Published January 08, 2015
British scientists believe microscopic worms which are biologically very similar to humans may be the key to helping humans colonize other planets like Mars by giving clues on coping with long-term space living.
A team of scientists led by Nathaniel Szewczyk from Notthingham University blasted 4,000 of the worms, known as known as Caenorhabditis elegans, or C. elegans, into space on board the Space Shuttle Discovery, and studied their progress.
Many experts -- including astrophysicist Stephen Hawking -- believe the ultimate survival of humanity could be dependent on the human colonization of other planets.
"While this sounds like science fiction, it is a fact that if mankind wants to avoid the natural order of extinction then we need to find ways to live on other planets," Szewczyk said in a statement about his research.
But there are some major challenges associated with long-term space living -- including high levels of radiation exposure and rapid loss of bone strength.
In a study published in Interface, a journal of The Royal Society, Szewczyk's team found that in space, their worms developed from egg to adulthood and produced offspring just as they do on earth.
This makes them an ideal and cost-effective experimental way to study the possible effects of long-term and long-distance space exploration in humans, they said.
The researchers were able to successfully monitor the effect of low Earth orbit (LEO) on 12 generations of C. elegans during the first three months of a six month voyage on the International Space Station.
"While it may seem surprising, many of the biological changes that happen during spaceflight affect astronauts and worms and in the same way," Szewczyk said.
"We have been able to show that worms can grow and reproduce in space for long enough to reach another planet and that we can remotely monitor their health."
C. elegans was the first multi-cellular organism to have its genetic structure completely mapped, and many of its 20,000 genes have the same functions as those in humans, Szewczyk's team explained in their study.

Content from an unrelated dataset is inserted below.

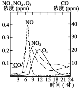 4、单选题 读“某日洛杉矶几种污染物浓度日变化图”,根据“光化学烟雾”的相关知识,回答下题。
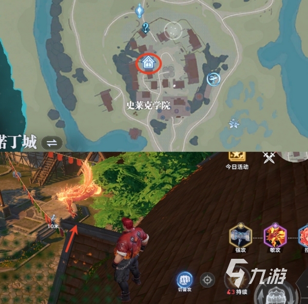 第四個碎片隱藏在史萊克學院的辦公室區(qū)域,碎片不在室內(nèi),而是位于辦公室建筑外部的屋頂上。玩家可借助周圍的高臺或飛行武魂直接上屋頂,靠近火龍標記即可完成收集。

Around two thousand of these genes play a role in promoting muscle function and 50 to 60 percent of these have obvious human counterparts, they said.

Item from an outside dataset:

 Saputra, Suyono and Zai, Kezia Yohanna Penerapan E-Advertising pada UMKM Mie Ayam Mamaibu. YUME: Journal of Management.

The C. elegans worm has long been used by scientists to help further the understanding of human biology, so now Szewczyk thinks it could help researchers investigate living on Mars.
Szewczyk's team worked with experts at the Universities of Pittsburgh and Colorado in the United States and the Simon Fraser University in Canada, to develop a compact automated C. elegans culturing system which could be monitored remotely for the effects of environmental toxins and in-flight radiation.
"Worms allow us to detect changes in growth, development, reproduction and behavior in response to environmental conditions such as toxins or in response to deep space missions," Szewczyk said.
"Given the high failure rate of Mars missions, use of worms allows us to safely and relatively cheaply test spacecraft systems prior to manned missions."